In this essay, I look back at a moment in Chinese literature and cinema, the 1930s and 1940s, when writers, filmmakers, and critics were driven by a series of political crises to conceptualize the relationship between “mother language” and “national language” from a very different perspective than Song’s. I do so by scrutinizing film and literary criticisms from this period. A national language, literature, and cinema are not static, unified, and internally coherent entities that naturally subsume their regional counterparts under them. While Putonghua 普通話 (literally, common language) required—and still requires—an ongoing process of putong hua 普通化 (communalization), regional topolects, for the writers, filmmakers, and critics in the 1930s and 1940s, also went through a continuous sociohistorical process of dazhong hua 大眾化 (massification). Massification is not the same as popularization. It implies that language is, by definition, a speech-act, which actively calls a group of individuals into a critical mass (Agamben 2000 [2005], 29–32). In other words, the act of speaking this language actively constitutes a sense of belonging or even sociopolitical consciousness, whilst the language is in itself constituted by this sense of belonging.

In my discussion, I demonstrate that in the 1930s, regional speeches and cinemas were considered a liability based on an anxiety about their ability to stimulate the senses in a direct and corporeal manner.
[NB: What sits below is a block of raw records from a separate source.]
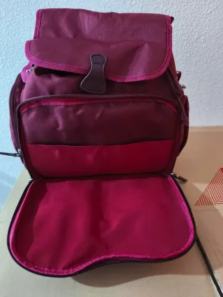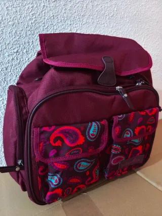 Mochila de color granate con estampado de cachemir en tonos rojos, morados y turquesas. Perfecta para llevar los accesorios del bebé. -4 accesorios: cambiador, portachupetes, bolsillo aislante para biberón, bolsito de almacenamiento -5 bolsillos, tres en parte delantera y dos en laterales -Producto tipo mochila -Correas para cochecito -Medidas: 31cm alto,22 cm ancho, 32 cm largo Esta mochila es perfecta para padres que viajan. Todo es fácilmente accesible para que los padres, mientras viajan con su bebé, encuentren todo lo que necesitan en un instante
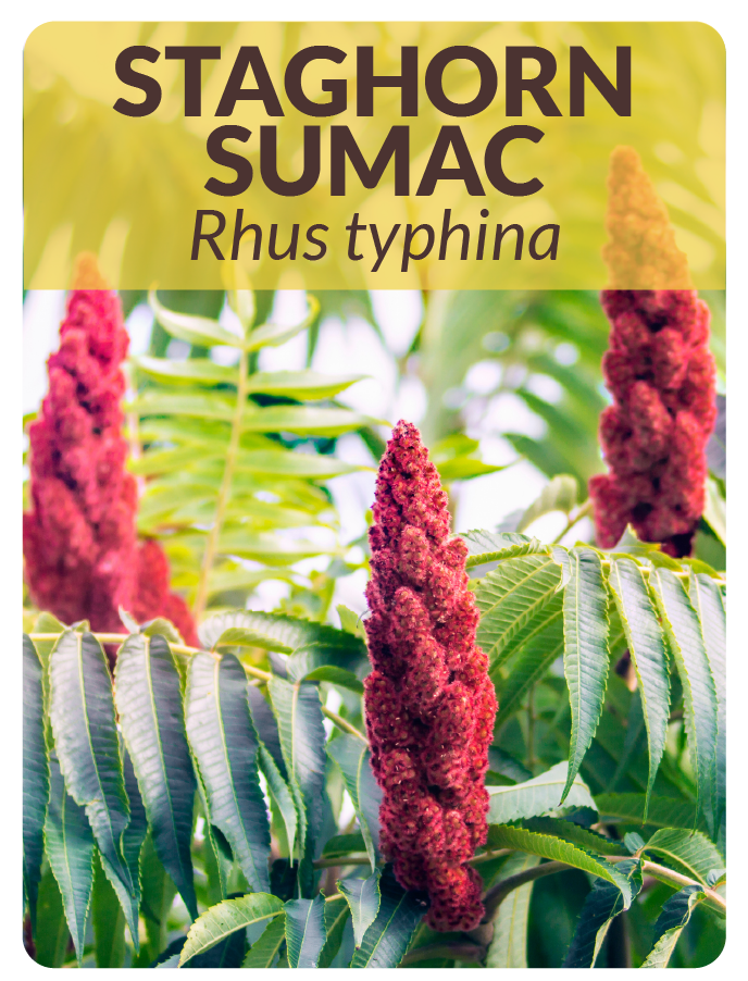 The staghorn sumac is the largest of the North American sumacs. It is native to woodland edges, roadsides, railroad embankments and stream/swamp margins. It is particularly noted for the reddish-brown hairs that cover the young branchlets in somewhat the same way that velvet covers the horns of a stag (male deer), hence the common name. It is also noted for its ornamental fruiting clusters and excellent fall foliage color.
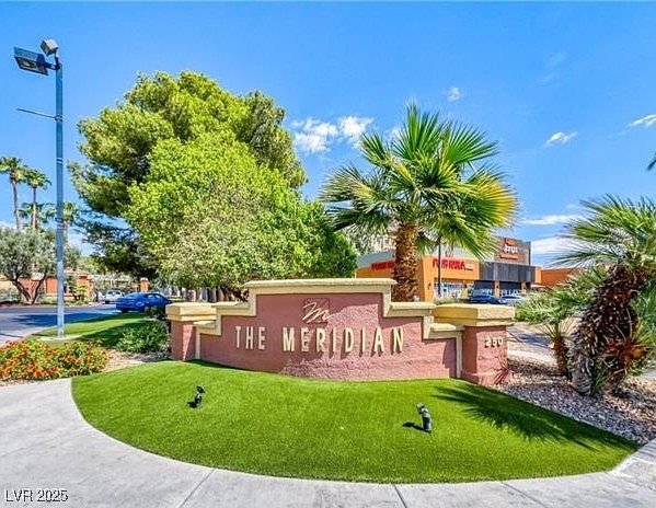 Charming 1st Floor Condo at The Meridian Gated Community with Resort-Style Amenities! Welcome to this inviting one-bedroom, one-bath condo on the first floor of The Meridian. Featuring wood floors, crown molding, and abundant natural light, the living room includes a dining area and sliding doors that open to a private balcony. The kitchen has sleek black granite counters and stainless steel appliances, including a microwave, with washer and dryer included. The spacious bedroom features mirrored closet doors, and the bathroom offers a tub/shower combination. The Meridian is a gated community with resort-style amenities such as a tropical pool and spa, clubhouse, fitness center, tennis courts, and BBQ and park area. Conveniently near shopping, dining, and entertainment, this condo combines comfort and convenience. Tenant to verify all information, including schools.
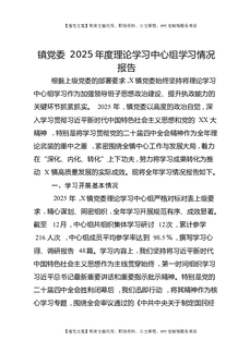 镇党委2025年度理论学习中心组学习情况报告.docx

In this light, regional speeches were regarded as a threat not only to the constitution of the national language, but also to the nation-state’s power to manage and control its subjects’ bodies and sexualities. In the 1940s, however, such a liability became an asset in the eyes of leftwing literary critics, who promulgated the use of such linguistic power as a revolutionary instrument. Both political positions, I argue, were driven by a presumption that political power—whether constitutional or revolutionary—is instantiated by a direct management or mobilization of the readers or moviegoers not as individual political subjects, but as bare or animal lives that either require state management or can exercise law-making violence to establish a new political order.

This debate on regional cinema and literature has been historically configured as an objet petit a that actively puts into question the ontological consistency of the nation-state, especially in a century during which the nation-state was conceptually, juridically, and sociopolitically on the move. Moreover, during this period, migrants from regions including Guangdong 廣東 (Kwangtung), Guangxi 廣西 (Kwangsi), Fujian 福建 (Hokkien), Shanghai 上海, and Beiping 北平 (Peking) moved to Hong Kong, who held mutually conflicting sociopolitical opinions. Yet, most of them settled down in Hong Kong, instead of staying in the Mainland or moving to Taiwan because their personal values did not necessarily conform to the official lines of either the Communist Party of China (CPC) or the Guomindang 國民黨 (Kuomintang, KMT, or Nationalist Party). In this intricate culturo-linguistic environment, Cantonese became not only a technic for communication among linguistically-diverse exiles, but also an instantiation of a difference between these exiles’ sociopolitical position in Hong Kong and their Mainland counterparts (Anon 1948, 4).